3. Kristen Wiig en mère libérée et féministe
Crédit: Sony Picture Classics
Kirsten Wiig, cigarette à la main, en mère qui arrose ses fin de semaine à la poudre et l’alcool. Faut pas trop se prendre la tête avec les responsabilités du quotidien, sinon ça devient monotone. Tempérament d’une mère incertaine, mais qui aime d’un amour profond ses enfants. Femme avec tous ses défauts, qui en fait aussi sa beauté et sa force. Wiig la joue à fond et ses mimiques, que l’on connait pour nous faire rire, collent parfaitement à la peau de son personnage.  

4. Une histoire de sexe
Crédit: Sony Picture Classics
Minnie perd sa virginité. Ouverture du film qui deviendra le point central de l’histoire. Dans un espace temps plus ou moins défini, on suit un court moment de vie en montagnes russes. Après, c’est l’exploration du sexe qui se poursuit avec tout le côté naïf de l’adolescence. On se lance dans tous les sens, question de situer nos limites. On se rend trop loin. On se fait juger. Mais à quoi bon les regrets causés par les autres? L’important, c’est d’y aller selon nos pulsions et de pas trop se faire mal en chemin. Minnie n’est pas là pour être jugée. Elle avance constamment et c’est ce qui fait la force de son personnage. Pas besoin de tomber dans le drame. Ici, les erreurs surviennent pour être réparées.     

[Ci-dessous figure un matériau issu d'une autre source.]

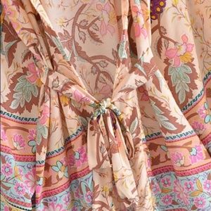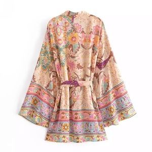Bohemian light beige multi colored floral and peacock printed short kimono style wrap. Can be worn layered for a daytime look or as a swim coverup.
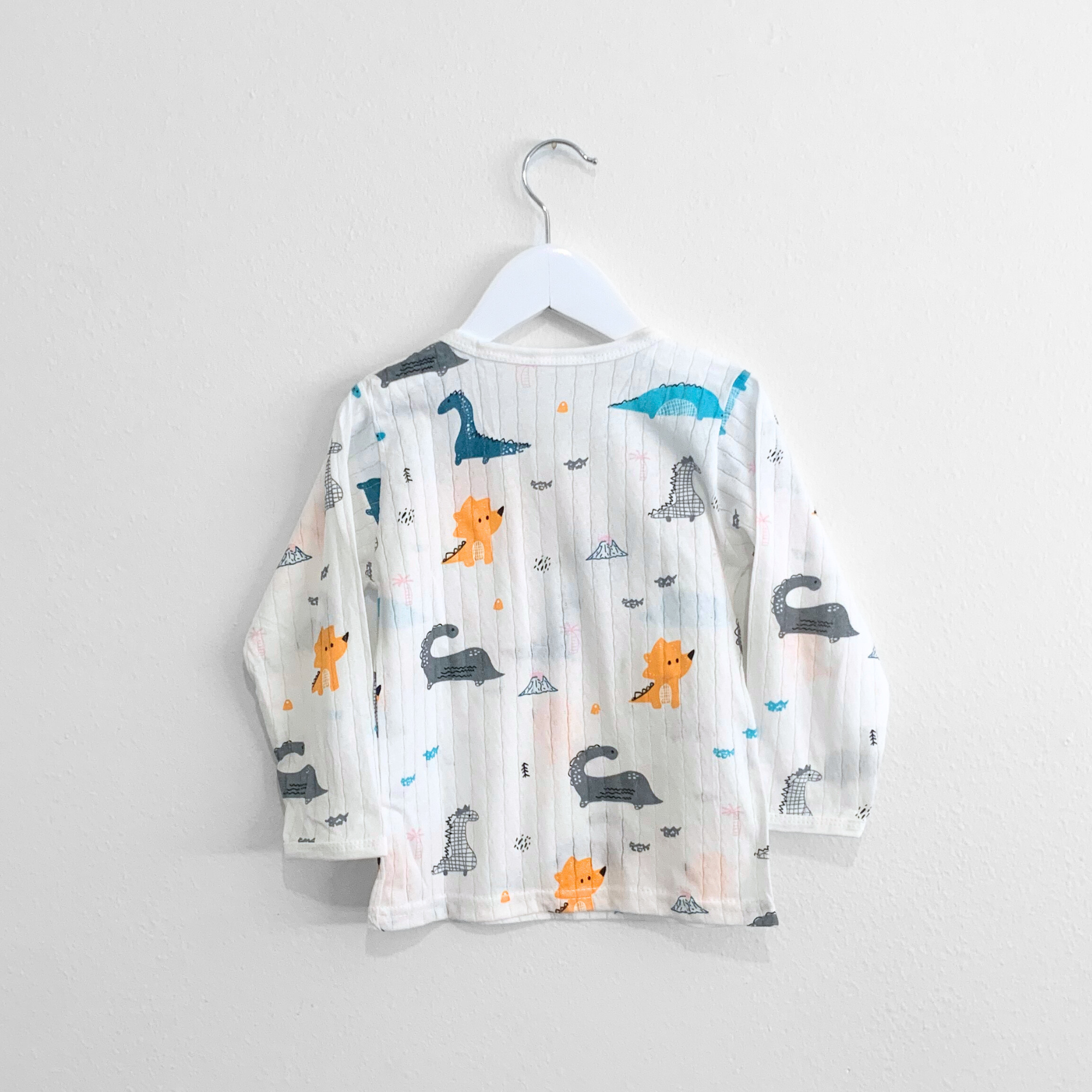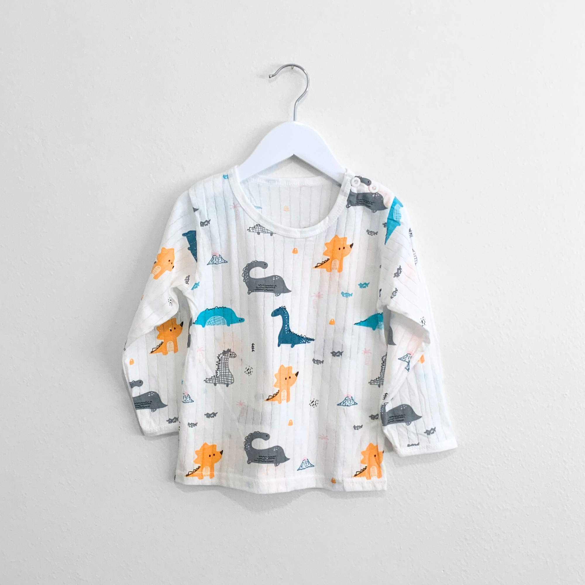 • Details: Soft, Breathable & Comfy, Dinosaurs Character Graphic Print, Long Sleeves, Long Pants, Round Neck Collar, Elastic Waistband

5. Les années 70 et le soleil de San Francisco 
Crédit: Sony Picture Classics
Y a cette impression de sentir le patchouli et l’odeur des peaux qui se chauffent au soleil, qui transpirent à l’écran. Comme décor, San Francisco version 1970. Le pot. La liberté du sexe. L’affirmation du féminisme. Les soirées folles. L’oubli du lendemain. Souvenirs recréés du plaisir d’une époque perdue. En trame sonore, la musique du temps, ses riffs de guit psychédélique.